- **Problem details**: Copy each line below as written, but skip the pictures.

- **Input data**:
-- Opening Marker --

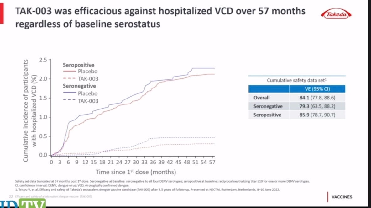 This new vaccine shows no evidence of benefit for the DEN4 serotype, and seems to enhance the DEN3 disease—just like COVID vaccines make you more susceptible to COVID after a few months go by.
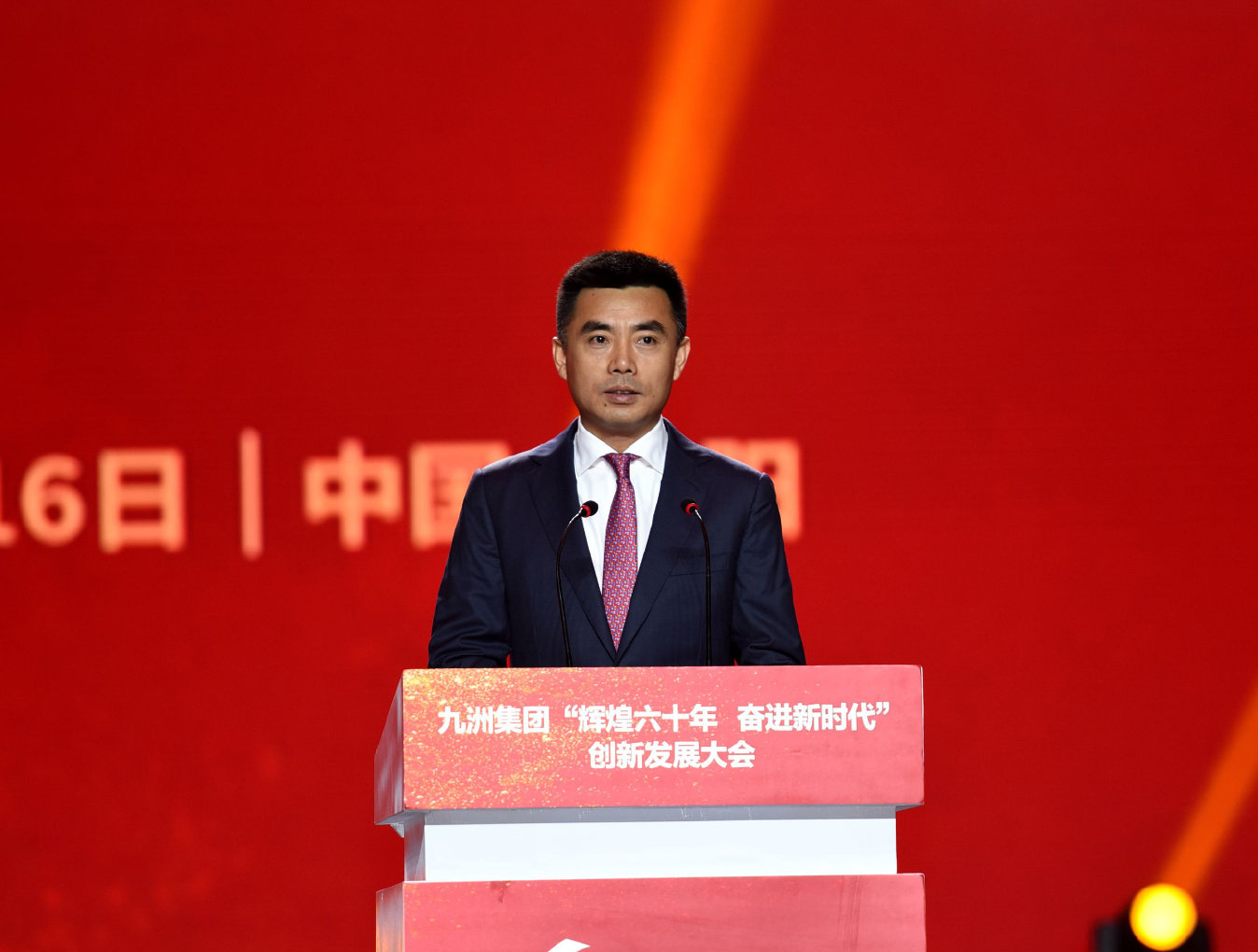 隨后,杜力平發(fā)表了題為《輝煌六十年,奮進(jìn)新時代,實現(xiàn)“351”目標(biāo)》的主題演講,發(fā)布了九洲未來發(fā)展戰(zhàn)略:
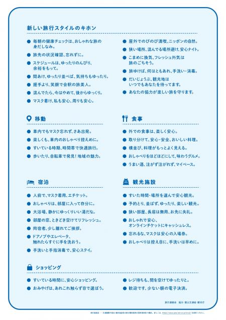 Go To トラベル事業は、ウィズコロナの時代における「新しい生活様式」に基づく旅のあり方を普及、定着させるものです。次の内容を必ず守り、安全・安心なご旅行をお願いします。
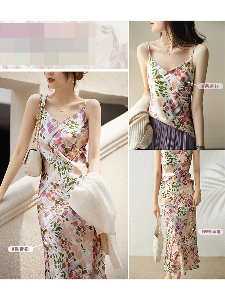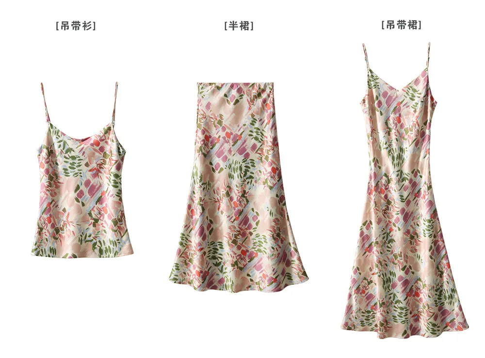 衣都精品- 新款真絲碎花油畫吊帶上衣

-- Closing Marker --

- **Completed exercise**:
 This new vaccine shows no evidence of benefit for the DEN4 serotype, and seems to enhance the DEN3 disease—just like COVID vaccines make you more susceptible to COVID after a few months go by.
 隨后,杜力平發(fā)表了題為《輝煌六十年,奮進(jìn)新時代,實現(xiàn)“351”目標(biāo)》的主題演講,發(fā)布了九洲未來發(fā)展戰(zhàn)略:
 Go To トラベル事業は、ウィズコロナの時代における「新しい生活様式」に基づく旅のあり方を普及、定着させるものです。次の内容を必ず守り、安全・安心なご旅行をお願いします。
 衣都精品- 新款真絲碎花油畫吊帶上衣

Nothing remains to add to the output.